▶ **THE DATA**:
*****

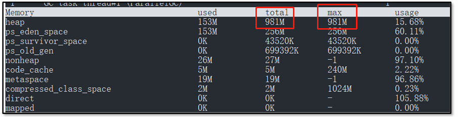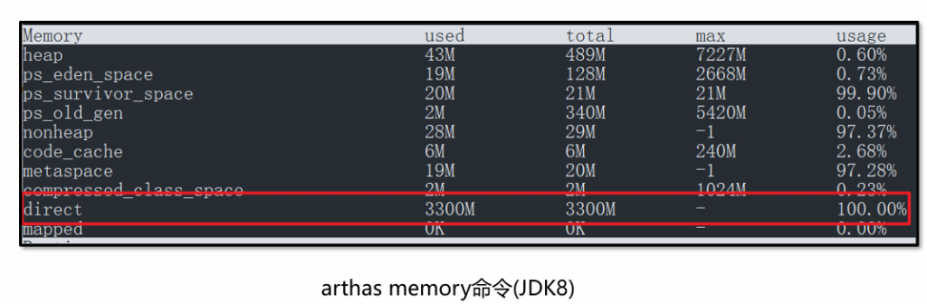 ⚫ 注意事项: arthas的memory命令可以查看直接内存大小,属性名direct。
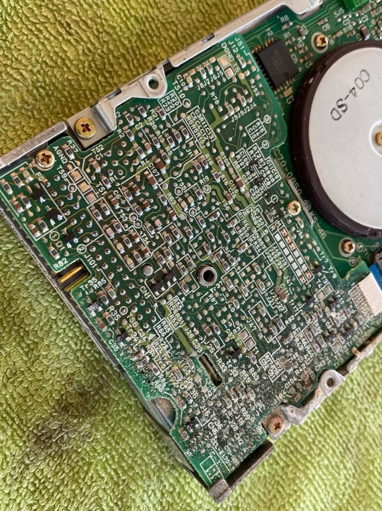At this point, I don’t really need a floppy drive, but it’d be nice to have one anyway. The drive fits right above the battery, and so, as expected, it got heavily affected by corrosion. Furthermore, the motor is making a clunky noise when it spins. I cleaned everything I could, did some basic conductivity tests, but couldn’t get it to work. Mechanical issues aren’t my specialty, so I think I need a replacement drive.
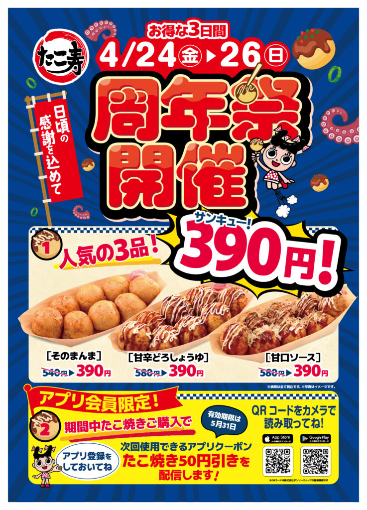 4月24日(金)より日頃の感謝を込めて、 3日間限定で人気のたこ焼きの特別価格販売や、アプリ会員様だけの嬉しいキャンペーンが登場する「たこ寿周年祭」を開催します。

*****

▶ **WORK REQUIRED**:
Retyped exactly, the lines from the one holding "At this point, I" through the last line of the data above are the whole answer. Pictures stay out.

▶ **EXPECTED ANSWER**:
At this point, I don’t really need a floppy drive, but it’d be nice to have one anyway. The drive fits right above the battery, and so, as expected, it got heavily affected by corrosion. Furthermore, the motor is making a clunky noise when it spins. I cleaned everything I could, did some basic conductivity tests, but couldn’t get it to work. Mechanical issues aren’t my specialty, so I think I need a replacement drive.
 4月24日(金)より日頃の感謝を込めて、 3日間限定で人気のたこ焼きの特別価格販売や、アプリ会員様だけの嬉しいキャンペーンが登場する「たこ寿周年祭」を開催します。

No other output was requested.